4. If you're not judging - start!! One quick way to lift the bar is to lead by your own example - learn about judging and get involved. Complete score sheets the way you want to see them, make yourself accountable for what you produce and where appropriate provide constructive feedback to fellow judges. You might find it harder than you think, but if you are actively trying you can't help but lift the overall standard.

As I said above, this is common to many competitions and further discussion should probably be moved to a new topic (happy to participate in it).


*Expanding the competition*

In the spirit of expanding the general homebrewing community, and recognising that this event takes place in Gippsland (an area without an active club/competition scene) Melbourne Brewers have launched a special category for Gippsland based brewers to find out who is the best brewer in Gippsland. It will be judged as an open category (Best of Show style) with entry free (at least for this year). There will be prizes for 1st, 2nd and 3rd.

Posters have been sent out to Gippsland based homebrew shops - if you want to enter all you need to do is bring your entry to Grand Ridge between 1:30pm - 2:30pm on Saturday 19/2. Judging will commence at 3pm and awards will be announced as part of the competition awards ceremony Saturday night.


----------



## brendo (11/1/11)

manticle said:


> Quite a few beers I'm considering entering although some I may reconsider and some may not be ready.
> 
> All could be a bit outside style too - my ESB/IPA* is too strong for an esb and possibly slightly too dark for an IPA. Have another esb finishing off so might be ready in time. My saison was accidentally brewed with Marris Otter (nice result) instead of dingeman's pilsner so has that characteristic british ale feel despite being mashed at 63 and despite hitting 1002.
> 
> ...



Sorry Manticle - VicBrew is still the only competition to have a specialty category at this stage. We considered adding it to Beerfest this year, but logistically it wasn't going to be possible.

Both beers sound awesome though...


----------



## rich_lamb (11/1/11)

Hmmm, long time since I've posted on AHB!

Some good clarification there Brendo, and I might just add a couple of things from my experience judging and watching other judges.

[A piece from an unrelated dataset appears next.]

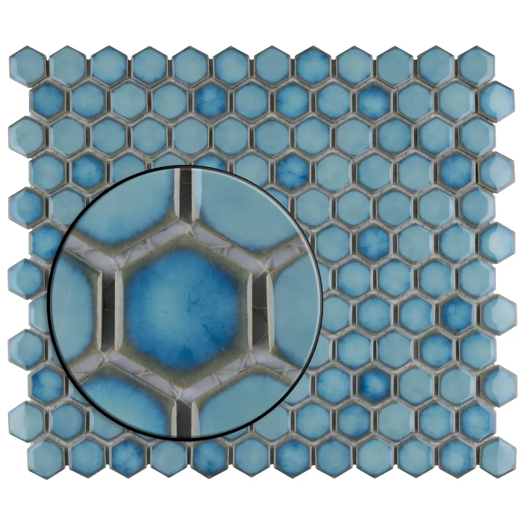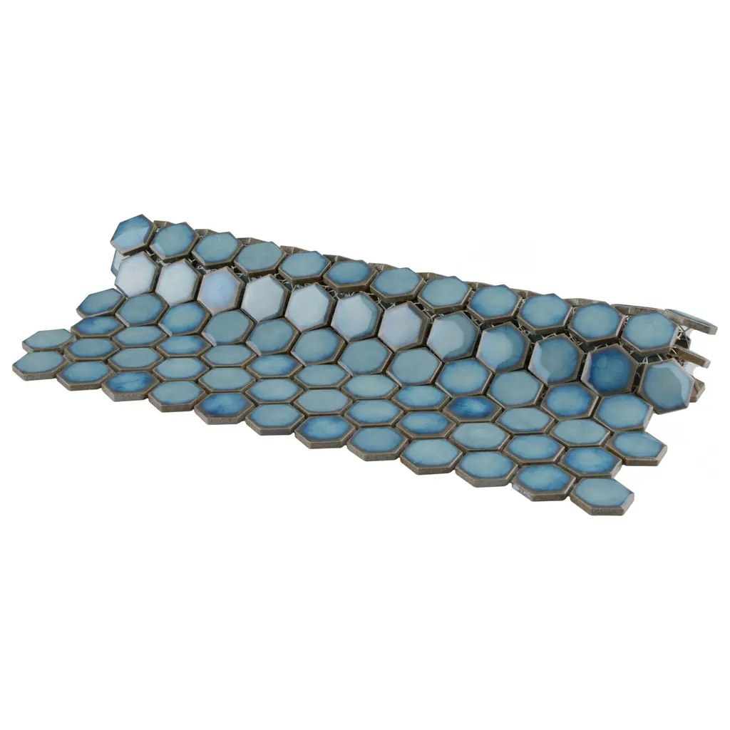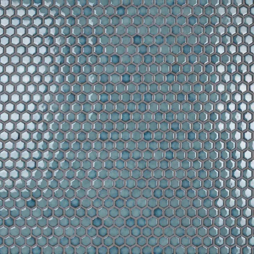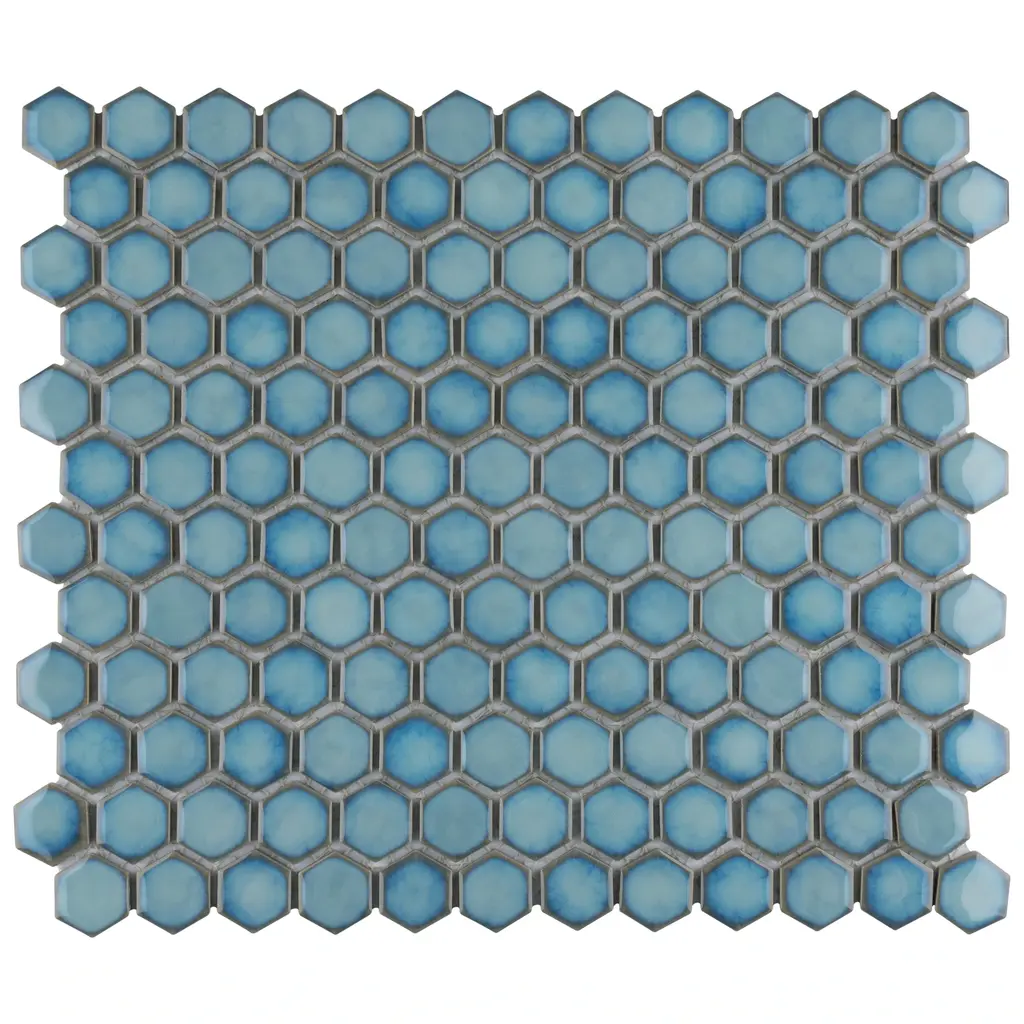Our Hudson 1 in. Hex Marine Porcelain Mosaic Floor and Wall Tile instantly elevates spaces through a refreshing dose of geometric design. Featuring a reactive glaze with an eye-drop effect, these tiles have varying shades of light blue that blend to taupe around the edges. This mosaic is a pleasing mixture of cool-toned tints with additional dimension added by the smooth, high-gloss finish. This porcelain mosaic floor and wall tile is unique yet simplistic enough to integrate into any design, ranging from traditional style renovations to modern home projects. Its impervious and frost-resistant features make this an ideal choice for both commercial and residential indoor and outdoor floor and wall installations including, kitchen backsplashes, bathroom showers and accent walls. This hexagon mosaic can be used as a whole sheet or cut into smaller strips as an accent piece. It is a perfect choice on its own or coordinated with other colors in our Hudson Hex series. Tile is the better choice for your space. This tile is made from natural ingredients, making it a healthy choice as it is free from allergens, VOCs, formaldehyde and PVC. 11.2 square feet, 10 pieces per case. Case weight is 19 lbs. Grade 1, first-quality porcelain tile for floor and wall use 11.88 in. width x 13.25 in. length x 0.19 in. thick mesh-mounted mosaic Glazed, smooth finish with a high sheen and slight variation in tone PEI Rating IV has high resistance to abrasion and is suitable for heavy-duty residential and commercial kitchens, hotels, exhibition and sales rooms with some dirt conditions Impervious tiles have a water absorption of less than 0.5% for indoor and outdoor use and are frost resistant This tile is not ADA approved for slip resistance with a DCOF value less than 0.42. Completely frost resistant for indoor or outdoor applications; use a latex-modified thinset for acceptable bond strength Please note: A sample of this product may be a partial piece cut from the full size tile in order to provide an affordable and convenient way for customers to judge the quality and finish of this item. Samples are not returnable.

During the first minutes of judging a beer while the other judges are hopefully silent (it's good to see Mark Hibberd has started expicitly giving this instruction to judges) you will get a few things coming to mind about the beer. DON'T BE AFRAID TO WRITE THEM DOWN!
Lots of judges will hesitate about writing their own thoughts as they are afraid they will look silly if the other judges don't agree, but the fact is you can't be wrong in judging beer so just write it down. It's quite often the case that one judge will pick out one fact about a beer the others miss, and everything is potentially helpful to the brewer.

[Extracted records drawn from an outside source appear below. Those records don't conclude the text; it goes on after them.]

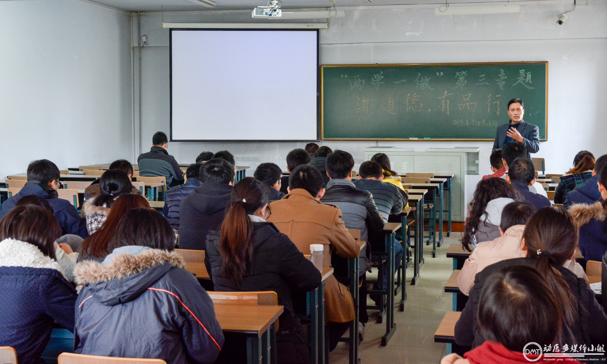 2016年10月31日上午,吉林大学动物医学学院全体研究生党员在兽医楼301开展“‘两学一做’第三专题——讲道德、有品行”系列学习教育实践活动。本次活动由学院党委副书记栾志伟主持,研究生全体党员参加了此次活动。
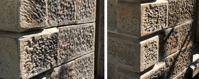Other factors affected by the physical properties of the sandstone include vulnerability to staining by natural weathering and atmospheric pollution. If they are also vulnerable to inappropriate cleaning techniques, changes to their appearance can be permanent.
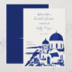This bridal shower invitation features a painting of the Santorini Greece Skyline. Easily edit the wording to meet your event needs. Change the backside colour and add your own photo to the backside if you like.
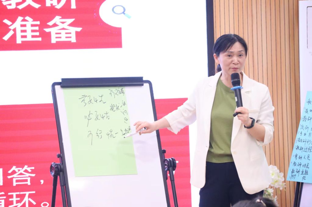 长沙市人民政府机关第三幼儿园副园长刘厚琴进行《园本教研活动的方案设计》现场教研活动。她以“园本教研方案撰写要素”为核心,通过现场调研明确学员方案撰写中的困惑和争议点,采用现场提问👷🏽、小组研讨等形式,帮助学员全面掌握园本教研活动方案设计方法。
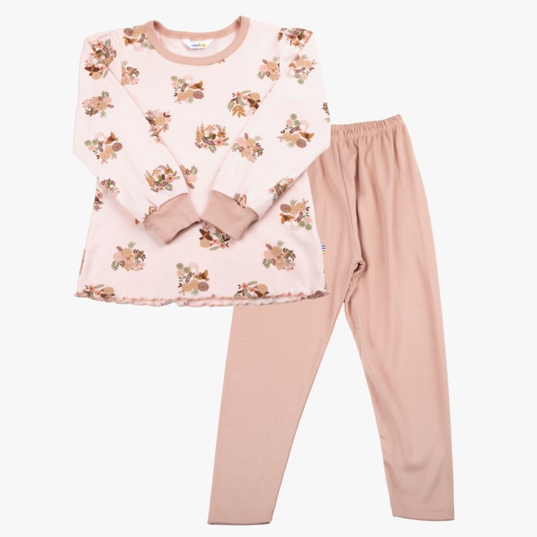 Pysjamassett. Bluse med lange ermer og en bedårende dekorativ kant i halsen. Bukser med god strikk i midjen. Hele settet er laget av en virkelig myk og elastisk økologisk bomullskvalitet som er veldig behagelig å ha på. Søt print med kontrastfargede kanter og ensfargede bukser. Øko-tex 100 etikett.
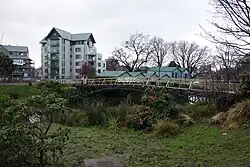 The sheds are named after Antigua Street and the Antigua Bridge, which is today the northern terminus of Antigua Street;[3][4] although until 1904, Antigua Street extended as far north as Armagh Street.[5] The boat sheds are right next to the northern end of the Antigua Bridge and opposite Christchurch Hospital.
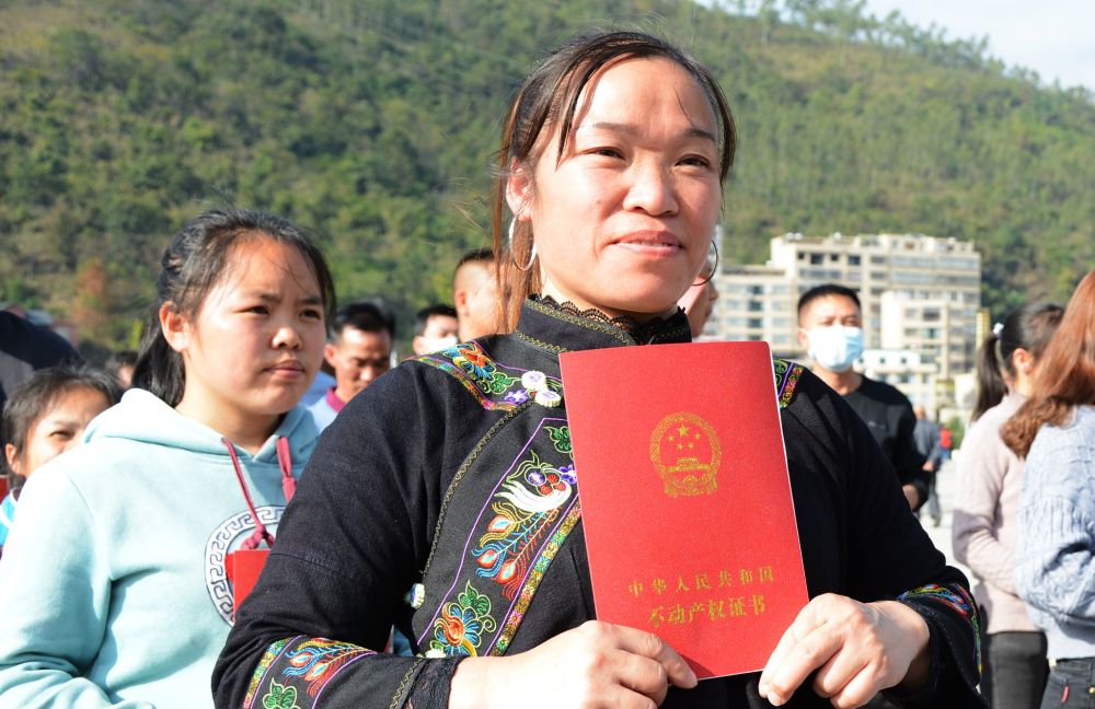 “国家的政策太好啦,把我一家从山窝窝搬到城里来,现在居住的房子有了产权证,我这心里真踏实。”11月15日,在贵州省黔西南州册亨县易地扶贫搬迁安置住房不动产权证颁发仪式现场,搬到县城纳福新区百福居住区的布依族妇女王永肖领到不动产登记证后激动地说。
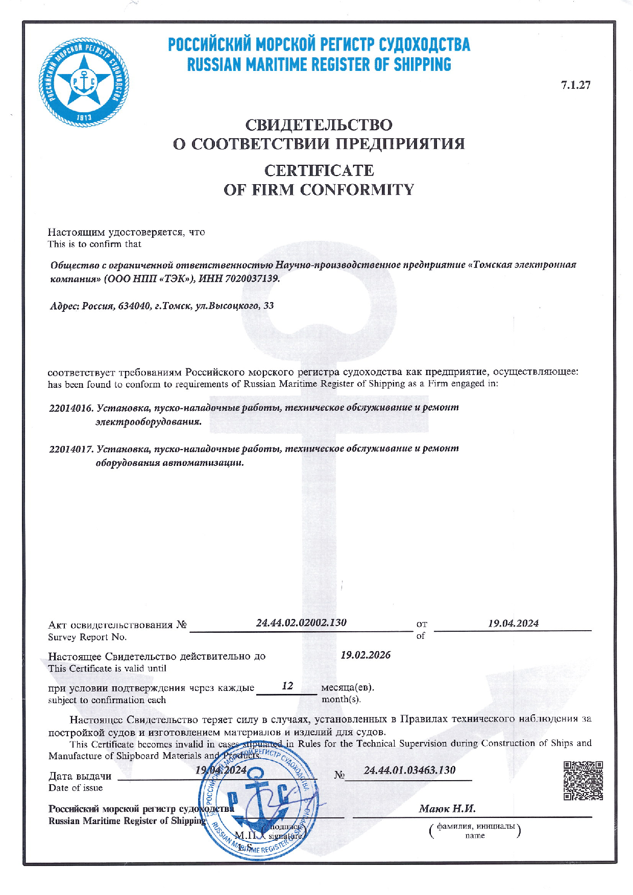 Сидетельство о соответствии предприятия требованиям РМРС

Don't be lazy - I've seen judges who are happy to talk about what they smelled or tasted but don't write it down. You don't have to write a thesis; even a few words is enough. I find the pen doesn't always do what I want after a while, so my writing gets a bit crap but I'm still putting down everything I thought.

As to the distribution of judges, we always try to make sure there's no more than one novice judge out of three. Last year we had enough judges to rotate the longer flights and have the novice as a fourth judge. This all depends on how many people volunteer their precious time for free to do all this work of course...


----------



## Siborg (11/1/11)

WOW!  

...should be an interesting meeting next month!


----------



## Andyd (11/1/11)

Bitter & Twisted said:


> During the first minutes of judging a beer while the other judges are hopefully silent (it's good to see Mark Hibberd has started expicitly giving this instruction to judges) you will get a few things coming to mind about the beer. DON'T BE AFRAID TO WRITE THEM DOWN!



Nicely picked Bitter! I am a really big believer in writing down a "stream of conciousness" with everything you're experiencing, when you experience it. I don't think you should necessarily be locked into stepping through the typical "aroma, appearance..." phases either.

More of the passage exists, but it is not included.